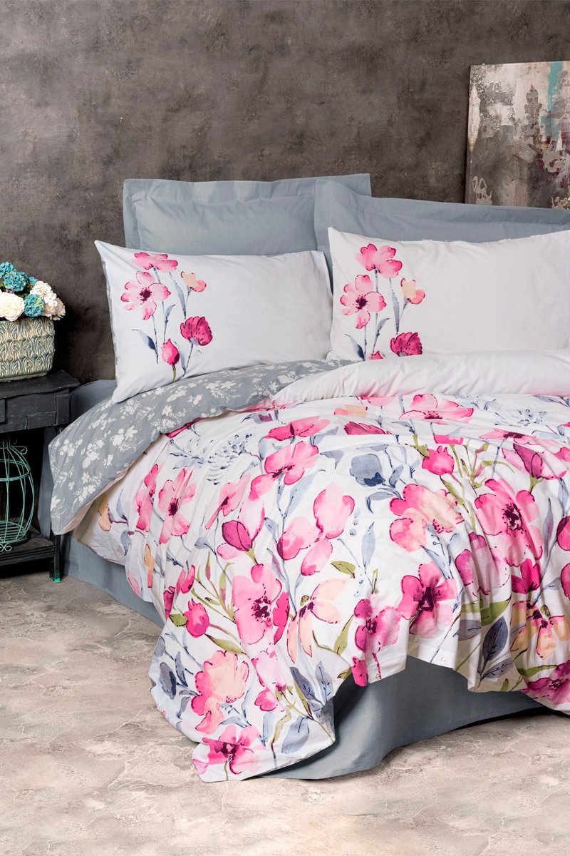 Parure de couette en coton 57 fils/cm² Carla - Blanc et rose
---
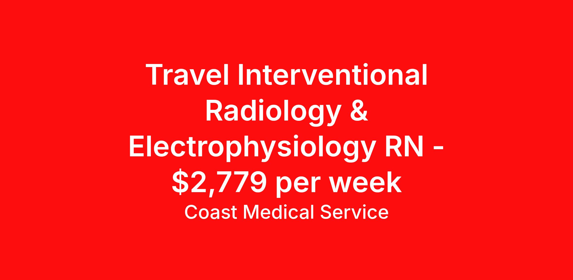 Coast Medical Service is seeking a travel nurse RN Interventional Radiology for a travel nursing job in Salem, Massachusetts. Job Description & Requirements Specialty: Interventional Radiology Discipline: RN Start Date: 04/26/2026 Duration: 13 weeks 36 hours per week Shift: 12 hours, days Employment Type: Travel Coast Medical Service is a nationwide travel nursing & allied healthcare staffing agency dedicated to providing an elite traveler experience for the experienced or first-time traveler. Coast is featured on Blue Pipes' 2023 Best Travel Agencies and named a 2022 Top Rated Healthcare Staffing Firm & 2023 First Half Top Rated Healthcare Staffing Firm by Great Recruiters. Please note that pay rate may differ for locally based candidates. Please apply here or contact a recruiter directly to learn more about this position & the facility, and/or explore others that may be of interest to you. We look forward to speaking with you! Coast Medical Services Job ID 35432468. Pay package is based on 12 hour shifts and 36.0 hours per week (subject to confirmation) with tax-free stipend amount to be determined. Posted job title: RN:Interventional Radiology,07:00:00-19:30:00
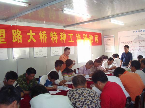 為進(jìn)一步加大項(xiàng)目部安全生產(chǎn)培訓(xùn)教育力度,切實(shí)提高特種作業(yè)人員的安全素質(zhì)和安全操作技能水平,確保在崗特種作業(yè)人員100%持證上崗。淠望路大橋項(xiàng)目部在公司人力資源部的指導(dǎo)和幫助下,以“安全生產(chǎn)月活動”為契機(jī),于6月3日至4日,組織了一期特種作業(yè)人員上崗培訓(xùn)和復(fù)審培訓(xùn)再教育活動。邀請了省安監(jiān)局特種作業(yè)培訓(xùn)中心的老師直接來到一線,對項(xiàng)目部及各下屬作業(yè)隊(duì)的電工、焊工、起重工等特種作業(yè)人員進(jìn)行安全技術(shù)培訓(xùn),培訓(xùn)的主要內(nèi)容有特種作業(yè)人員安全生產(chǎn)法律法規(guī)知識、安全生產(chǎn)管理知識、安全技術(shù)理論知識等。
...
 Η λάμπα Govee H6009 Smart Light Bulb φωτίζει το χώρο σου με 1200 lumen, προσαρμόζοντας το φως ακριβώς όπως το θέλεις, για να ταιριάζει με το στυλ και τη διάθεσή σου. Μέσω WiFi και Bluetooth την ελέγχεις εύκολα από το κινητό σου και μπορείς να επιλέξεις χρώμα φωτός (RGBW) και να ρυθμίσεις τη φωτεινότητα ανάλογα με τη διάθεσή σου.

● What you are asked to do:
Your answer must be the exact lines from the records above, from the one containing "Coast Medical Service is seeking" through the one containing "為進(jìn)一步加大項(x", both included, with every picture left out.

● Written solution:
 Coast Medical Service is seeking a travel nurse RN Interventional Radiology for a travel nursing job in Salem, Massachusetts. Job Description & Requirements Specialty: Interventional Radiology Discipline: RN Start Date: 04/26/2026 Duration: 13 weeks 36 hours per week Shift: 12 hours, days Employment Type: Travel Coast Medical Service is a nationwide travel nursing & allied healthcare staffing agency dedicated to providing an elite traveler experience for the experienced or first-time traveler. Coast is featured on Blue Pipes' 2023 Best Travel Agencies and named a 2022 Top Rated Healthcare Staffing Firm & 2023 First Half Top Rated Healthcare Staffing Firm by Great Recruiters. Please note that pay rate may differ for locally based candidates. Please apply here or contact a recruiter directly to learn more about this position & the facility, and/or explore others that may be of interest to you. We look forward to speaking with you! Coast Medical Services Job ID 35432468. Pay package is based on 12 hour shifts and 36.0 hours per week (subject to confirmation) with tax-free stipend amount to be determined. Posted job title: RN:Interventional Radiology,07:00:00-19:30:00
 為進(jìn)一步加大項(xiàng)目部安全生產(chǎn)培訓(xùn)教育力度,切實(shí)提高特種作業(yè)人員的安全素質(zhì)和安全操作技能水平,確保在崗特種作業(yè)人員100%持證上崗。淠望路大橋項(xiàng)目部在公司人力資源部的指導(dǎo)和幫助下,以“安全生產(chǎn)月活動”為契機(jī),于6月3日至4日,組織了一期特種作業(yè)人員上崗培訓(xùn)和復(fù)審培訓(xùn)再教育活動。邀請了省安監(jiān)局特種作業(yè)培訓(xùn)中心的老師直接來到一線,對項(xiàng)目部及各下屬作業(yè)隊(duì)的電工、焊工、起重工等特種作業(yè)人員進(jìn)行安全技術(shù)培訓(xùn),培訓(xùn)的主要內(nèi)容有特種作業(yè)人員安全生產(chǎn)法律法規(guī)知識、安全生產(chǎn)管理知識、安全技術(shù)理論知識等。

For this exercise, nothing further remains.